Stick to this structure
“If you can aim to cover the following in roughly a sentence or two you can’t go wrong;
- Hook your audience in,
- Describe your customer pain
- Describe your solution to that pain
- Describe the market & the competition
- Who is your team?
- What traction have you had to date
- What is your ask
It will depend on where you are in the stage of your company, whether you cover each section and in how much detail.”
Start off with a bang
“The best pitch introductions make me stop and think – they are memorable. They hook me in generally with something surprising, shocking, amusing or interactive. That could be by using a statistic, telling a personal fact or story, or a question designed to make the audience examine their own response. And they tend to become conversation starters that you would remember and reference later or tell others about. It doesn’t always have to be about theatrics, a confident statistic that makes you stand up and notice can be as good as any performance.”
Daniel Conti, co-founder of CommonRoom Ventures
“From my experience, traction will always remain the number one thing for me across any stage of business. If you get the traction, it’s a representation of the strength of the idea and management team.
“Just because you’re a founder and had an idea one morning, doesn’t mean you can’t be measured on traction. The traction is about how you have proven the idea works. You might have thought of the idea four days ago and have a business plan, a pitch deck and three meetings with suppliers. That’s all traction. It’s not tangible, but it’s the effort you’ve put in.”
Find end users
“End users are the next key traction point. If you can get several different end users to pilot test what you’re building, that’s great. If you’re developing it with constant feedback, you know it’s appropriate.
“There’s nothing better than being able to say to investors: here’s the idea, here are the end users that are testing it and they’ve already indicated that they’re willing to go live and pay X amount for it. All we need to do with the capital is get us to that stage.”

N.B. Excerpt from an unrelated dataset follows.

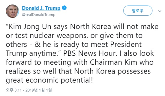 트럼프 대통령은 이날 트윗에서 PBS 보도를 인용해 “김정은이 북한은 더 이상 핵무기를 만들지도 실험하지도 다른 사람들에게 주지 않을 것이라고 말했다. 그는 언제든 트럼프 대통령과 만날 준비가 되어 있다(고 말했다)”면서 “나 또한 김 위원장과의 만남을 고대하고 있다 (그는) 북한이 큰 경제적 잠재력을 갖고 있다는 걸 잘 알고 있다!”고 밝혔다.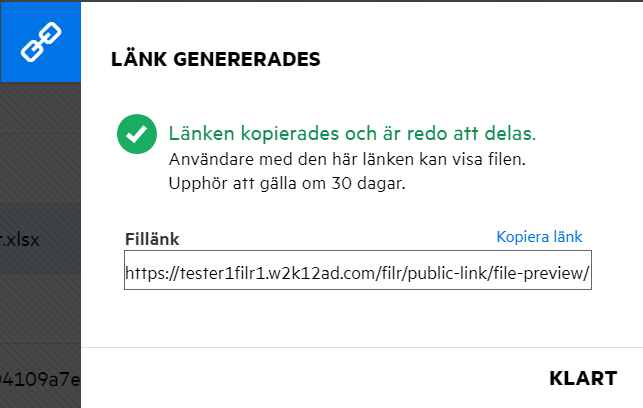 Länken skapas och kopieras automatiskt till Urklipp. Nu kan du dela länken direkt med valfria mottagare via e-post, SMS, sociala medier eller andra samarbetsplattformar. Användare som klickar på länken får direkt åtkomst till filen. Beroende på typen av länken kan användare visa eller hämta filen.

Use your limited budget to learn
“I want founders to show me that they already know this, this and this with their limited budget. If you’re spending £25 a day on Facebook, what was the conversion rate? What was your cost per lead? Was it effective?
“A founder should be able to say, ‘I did this with this budget and this was the learning I got. Now I need £1,000 to do it.’ It will be more targeted and based on experience.
“Startups pitching us hardly ever meet that level of proof. People don’t realise the importance of it either. They focus so much on the product and not on the marketing. That’s a mistake.
“From an investor’s point of view, it’s good to see that someone knows what they’re talking about, they’ve learnt from the experience and they’re going to apply that learning. I’ll fund it, because I have more belief.”
Jonathan Keeling, Partnerships Director at Crowdcube
“With your pitch, give a precise but short overview of the product and the problem it solves. No one wants to hear a million and one solutions from a single product and that the market is worth billions. Why this product or service and what specifically does it solve? Why you and why now?
“For me, early-stage investment is about investing in credible people and teams. Getting across your track record and reassuring potential investors that you are the person to execute this idea is key.
“Don’t just reel off the hundreds of years of combined experience, investors have heard it all before. What specifically makes you and your team special?”
People invest in people
“People invest in people and humans love a great story! Investors have to buy into the proposition emotionally. Otherwise, they will see the investment simply as a number, rather than something that has to be a success for wider reasons beyond financial return.
“A brand’s story is also fundamental for customer acquisition, connection and long term value. Treat it with respect!”
Practice, practice, practice
“Don’t be afraid to practice your pitch with your family and friends, or pitch to yourself in the mirror. Not everyone can reel off the perfect pitch with no preparation or notes. Practice makes perfect and it’s important that you come across as polished with a solid understanding of your product or service.”
To learn more about how to structure your pitch and the questions investors are likely to ask, download our guide to creating a winning 90-second pitch.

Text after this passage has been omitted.